These work for additive model, no centering or scaling. About twice slower than SnpBitMatrix
, but memory efficient (no allocation of two Bitmatrix
es), with or without @avx
macro.
function LinearAlgebra.mul!(y::Vector{T}, A::SnpArray, x::Vector{T}) where T
for i ∈ eachindex(y)
yi = zero(eltype(y))
for j ∈ eachindex(x)
Aij = A[i, j]
yi += (((Aij >= 2) + (Aij >= 3))) * x[j]
end
y[i] = yi
end
y
end
function LinearAlgebra.mul!(y::Vector{T}, A::LinearAlgebra.Transpose{UInt8,SnpArray}, x::Vector{T}) where T
At = transpose(A)
for i ∈ eachindex(y)
yi = zero(eltype(y))
for j ∈ eachindex(x)
Atji = At[j, i]
yi += (((Atji >= 2) + (Atji >= 3))) * x[j]
end
y[i] = yi
end
y
end
Design choice: Should I add
model::Union{Val{1}, Val{2}, Val{3}}
center::Bool
scale::Bool
μ::Vector{T}
σinv::Vector{T}
storagev1::Vector{T}
storagev2::Vector{T}
to struct SnpArray
, or should I create a separate struct
, say, SnpLinAlg
?
My bad. I made a mistake with ordering. The computation with SnpArray is only 12-15% slower.
using SnpArrays
const EUR = SnpArray(SnpArrays.datadir("EUR_subset.bed"))

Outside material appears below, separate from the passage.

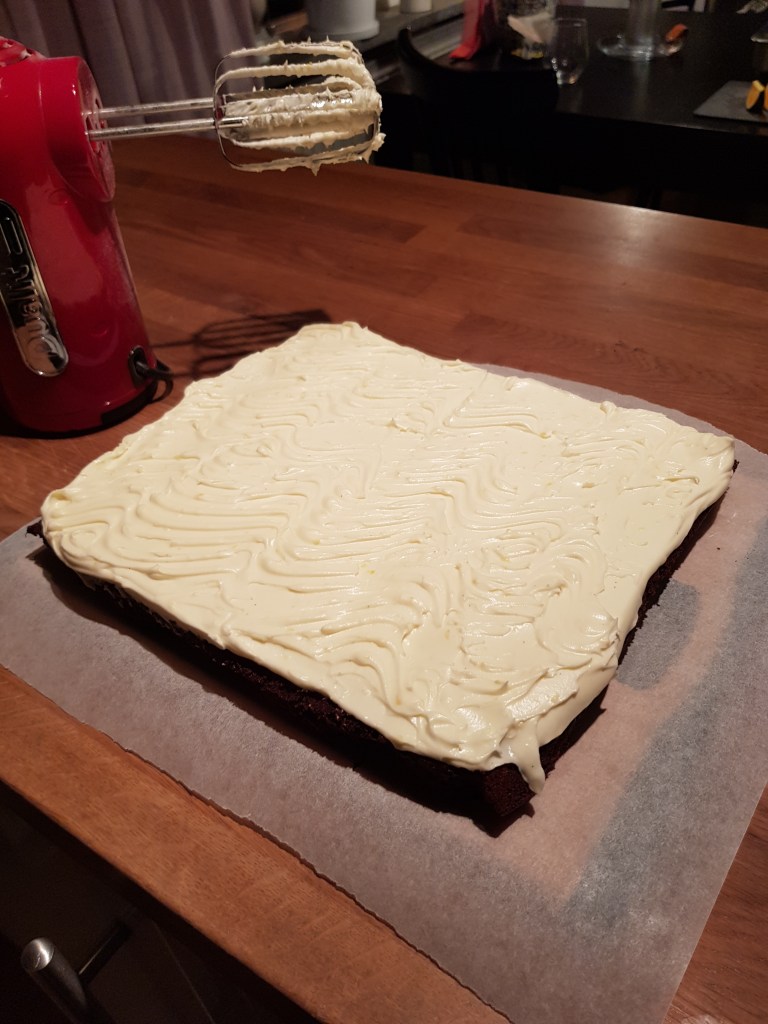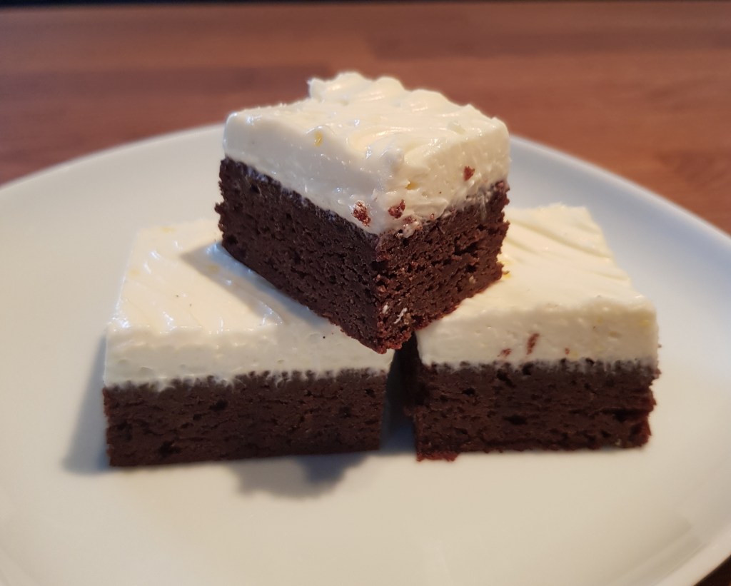 Gjorde en variant med citronfrosting ovanpå…. härlig chokladbotten med en syrlig topp… oslagbart 🙂
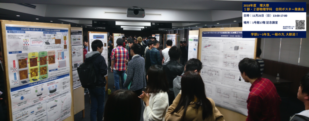 毎年恒例となっている、理学部1部&2部物理学科の合同ポスター発表会の記録です。 2019年度はこちら 2018年度はこちら -

const EURbm = SnpBitMatrix{Float64}(EUR, model=ADDITIVE_MODEL, center=false, scale=false);
size(EUR)
(379, 54051)
using LinearAlgebra
using BenchmarkTools
function LinearAlgebra.mul!(y::Vector{T}, A::SnpArray, x::Vector{T}) where T
packedstride = size(A.data, 1)
m, n = size(A)
fill!(y, zero(eltype(y)))
@avx for j ∈ eachindex(x)
for i ∈ eachindex(y)
Aij = A[i, j]
y[i] += (((Aij >= 2) + (Aij >= 3))) * x[j]
end
end
y
end
v1 = randn(size(EUR, 1))
v2 = randn(size(EUR, 2));
@benchmark LinearAlgebra.mul!($v1, $EUR, $v2)
BenchmarkTools.Trial:
memory estimate: 0 bytes
allocs estimate: 0
--------------
minimum time: 55.440 ms (0.00% GC)
median time: 56.042 ms (0.00% GC)
mean time: 56.163 ms (0.00% GC)
maximum time: 62.929 ms (0.00% GC)
--------------
samples: 90
evals/sample: 1
@benchmark (LinearAlgebra.mul!($v1, $EURbm, $v2))
BenchmarkTools.Trial:
memory estimate: 0 bytes
allocs estimate: 0
--------------
minimum time: 49.126 ms (0.00% GC)
median time: 49.592 ms (0.00% GC)
mean time: 49.645 ms (0.00% GC)
maximum time: 50.705 ms (0.00% GC)
--------------
samples: 101
evals/sample: 1
function LinearAlgebra.mul!(y::Vector{T}, A::LinearAlgebra.Transpose{UInt8,SnpArray}, x::Vector{T}) where T
At = transpose(A)
for i ∈ eachindex(y)
yi = zero(eltype(y))
for j ∈ eachindex(x)
Atji = At[j, i]
yi += (((Atji >= 2) + (Atji >= 3))) * x[j]
end
y[i] = yi
end
y
end
@benchmark LinearAlgebra.mul!($v2, transpose($EUR), $v1)
BenchmarkTools.Trial:
memory estimate: 16 bytes
allocs estimate: 1
--------------
minimum time: 62.287 ms (0.00% GC)
median time: 63.172 ms (0.00% GC)
mean time: 63.230 ms (0.00% GC)
maximum time: 65.554 ms (0.00% GC)
--------------
samples: 80
evals/sample: 1
@benchmark (LinearAlgebra.mul!($v2, transpose($EURbm), $v1))
BenchmarkTools.Trial:
memory estimate: 16 bytes
allocs estimate: 1
--------------
minimum time: 54.606 ms (0.00% GC)
median time: 55.116 ms (0.00% GC)
mean time: 55.210 ms (0.00% GC)
maximum time: 56.601 ms (0.00% GC)
--------------
samples: 91
evals/sample: 1
With @avx
, it becomes slightly faster, faster than SnpBitMatrix
for transposed SnpArray. (maybe we can accelerate BitMatrix operation further with @avx
?)
using SnpArrays
const EUR = SnpArray(SnpArrays.datadir("EUR_subset.bed"))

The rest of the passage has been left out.